Torn between Preston Hollow and the Park Cities for your next home? You are not alone. Both are coveted Dallas addresses, yet the day-to-day experience can feel very different once you factor in schools, taxes, lot sizes, commute, and neighborhood vibe. This guide gives you a clear, side-by-side view with real examples and numbers so you can decide with confidence. Let’s dive in.
Preston Hollow is a neighborhood annexed by the City of Dallas, so police, fire, sanitation, permitting, and city property taxes all come through Dallas. You plan projects and approvals on Dallas timelines and rules. You can confirm that civic context on the Preston Hollow page.
Highland Park and University Park, often called the Park Cities, are independent municipalities. Each has its own government, police, parks, and code enforcement. You can explore municipal context at the Town of Highland Park and the City of University Park.

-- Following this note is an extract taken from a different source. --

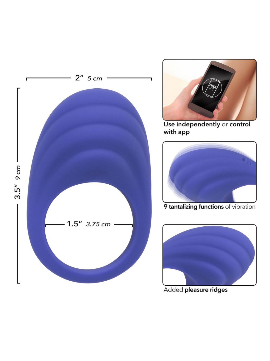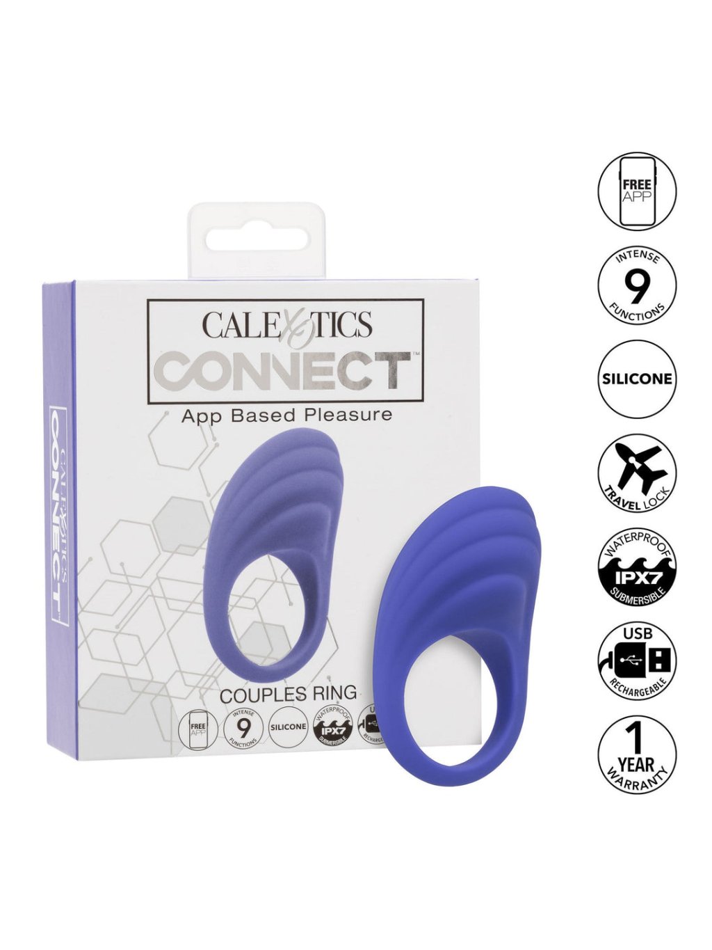 Introducing the CalExotics Connect couples ring, a revolutionary device for your intimate moments that you can control independently or via an easy-to-use app. This ring is made of body-safe silicone, is 100% waterproof, and offers nine vibration modes – from vibrations, through pulsations to escalations, which can be personalized for maximum pleasure. Equipped with fun ridges for additional excitement and an advanced memory chip, this ring remembers the last used function, allowing you to pick up right where you left off. With a safety travel lock that activates after holding the button for 3 seconds and USB rechargeable functionality with a 2-hour recharge time, this ring is the ideal travel companion. With a lithium-ion rechargeable battery, it provides up to 40 minutes of operation on high speed and 60 minutes on lower settings. Enjoy exciting connections and elevate your shared moments to a new level with the CalExotics Connect couples ring, where pleasure knows no bounds.Additional parameters

Permitting steps, review timelines, and local ordinances can vary. A renovation or addition in Preston Hollow follows City of Dallas processes. In the Park Cities, you work with town or city planning staff and local boards. These differences can affect your project schedule and costs, so plan early and check the parcel’s rules.
Preston Hollow and nearby areas have a deep bench of private schools, including legacy institutions. This reduces the public-school tradeoff for many luxury buyers who want flexibility. If private schooling is part of your plan, Preston Hollow often places you near multiple options.
Preston Hollow is known for estate-scale living and variety. You will find everything from updated midcentury and modernist homes to neo‑Georgian and transitional estates. For a sense of scale, the Maguire estate on Park Lane sits on about 3.2 acres, an example of the rare acreage you can secure here. You can read about that property in this Chronicle feature.
Design variety is part of the appeal. You can see the type of architect-driven modern projects happening in Dallas in this Architectural Digest feature on a modernist Dallas family home.
Highland Park and University Park were platted earlier, so lot sizes tend to be more uniform and compact, often around 8,000 to 12,000 square feet. The result is a cohesive, walkable, village-like fabric with tree-lined streets and steady architectural character, from Tudor and Colonial to Spanish and Mediterranean. Yard work and exterior maintenance are usually more manageable at this scale.
As of late 2025 snapshots, Redfin reports higher median sale prices in Highland Park and University Park than many Preston Hollow sub-areas, while Preston Hollow holds the city’s largest single-lot estates and a wide product range. Medians move monthly and sub-neighborhoods vary. Use address-level comps when you evaluate value and resale.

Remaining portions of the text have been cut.